PROBLEM DETAILS —
Line by line, restate the material word for word, omitting any image.

STORED DATA —

Start of Block

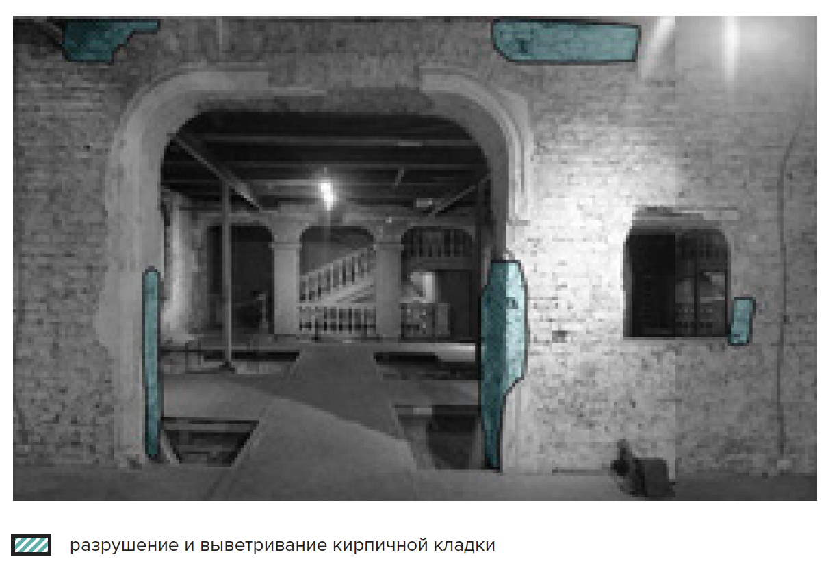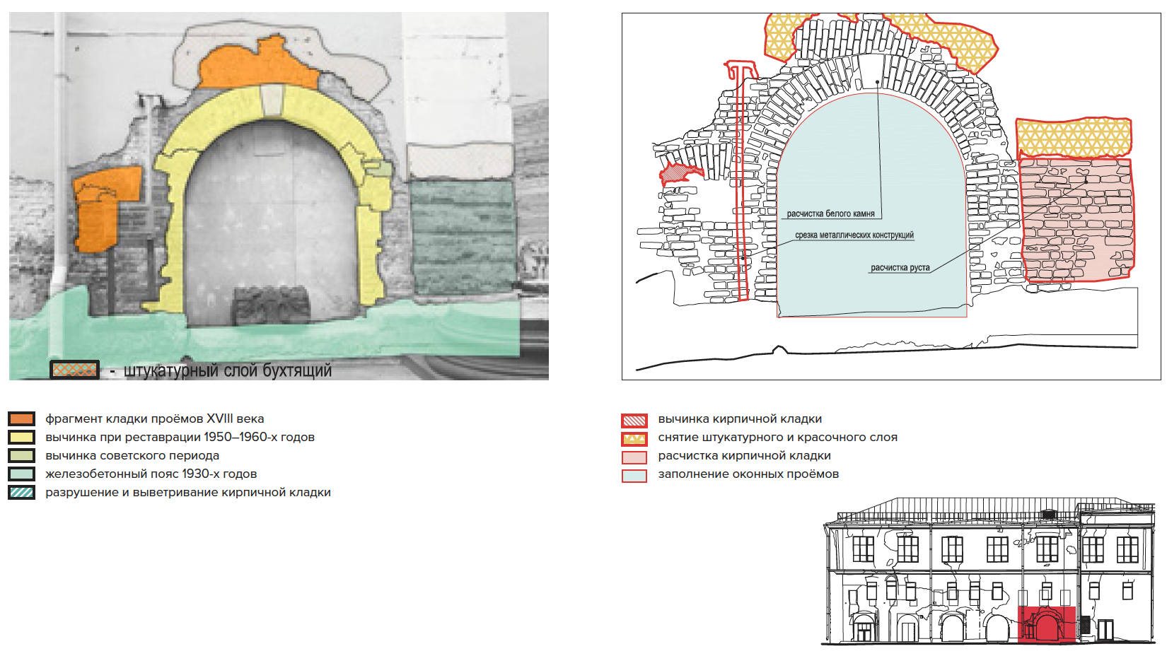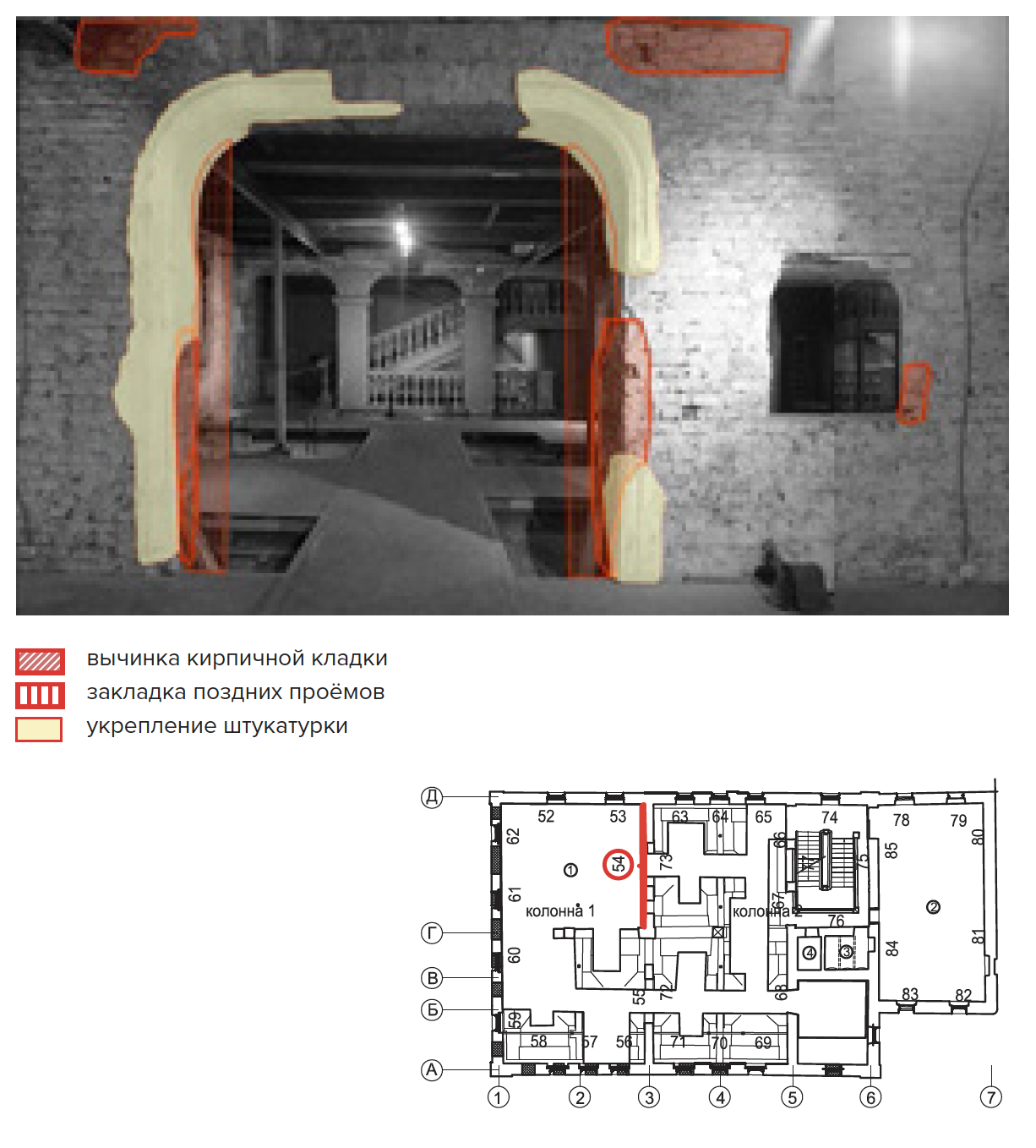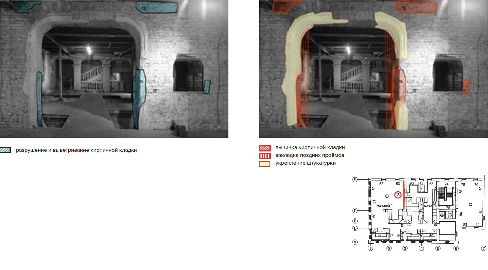 Фрагмент 54 (план 2-го этажа); сверху вниз: картограмма дефектов, рекомендации по противоаварийным и консервационным работам
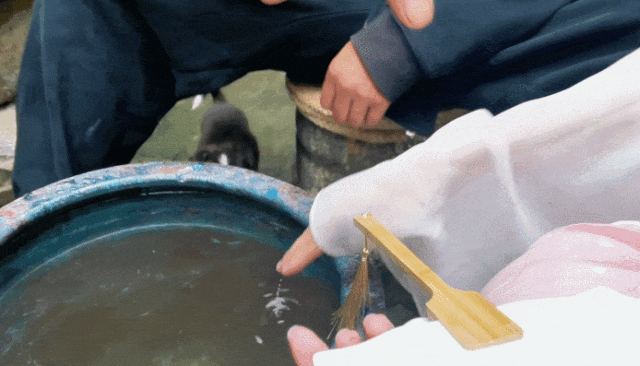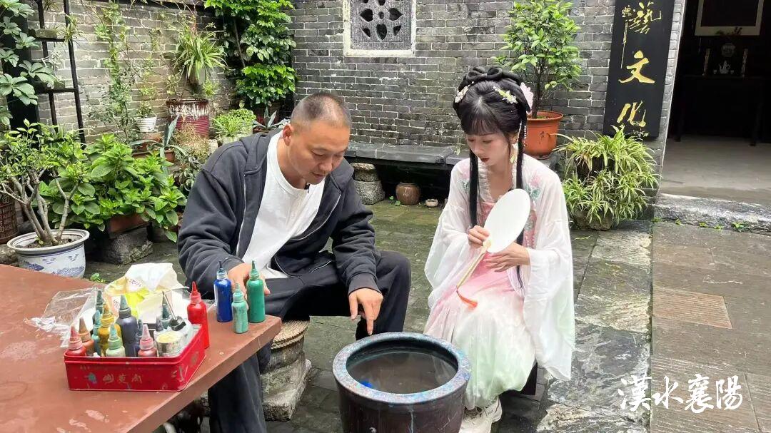 先给素净的扇柄细细蘸满水,形成一层薄薄的水膜——这一步能有效隔绝漆料,避免扇柄意外着色,让成品扇的细节更显精致。
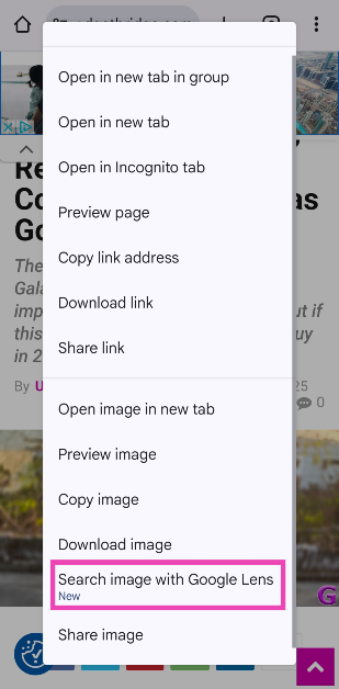 Βήμα 2:Πιέστε μακρά την εικόνα και επιλέξτεΕικόνα αναζήτησης με φακό Google.

End of Block

YOUR RESPONSE —
 Фрагмент 54 (план 2-го этажа); сверху вниз: картограмма дефектов, рекомендации по противоаварийным и консервационным работам
 先给素净的扇柄细细蘸满水,形成一层薄薄的水膜——这一步能有效隔绝漆料,避免扇柄意外着色,让成品扇的细节更显精致。
 Βήμα 2:Πιέστε μακρά την εικόνα και επιλέξτεΕικόνα αναζήτησης με φακό Google.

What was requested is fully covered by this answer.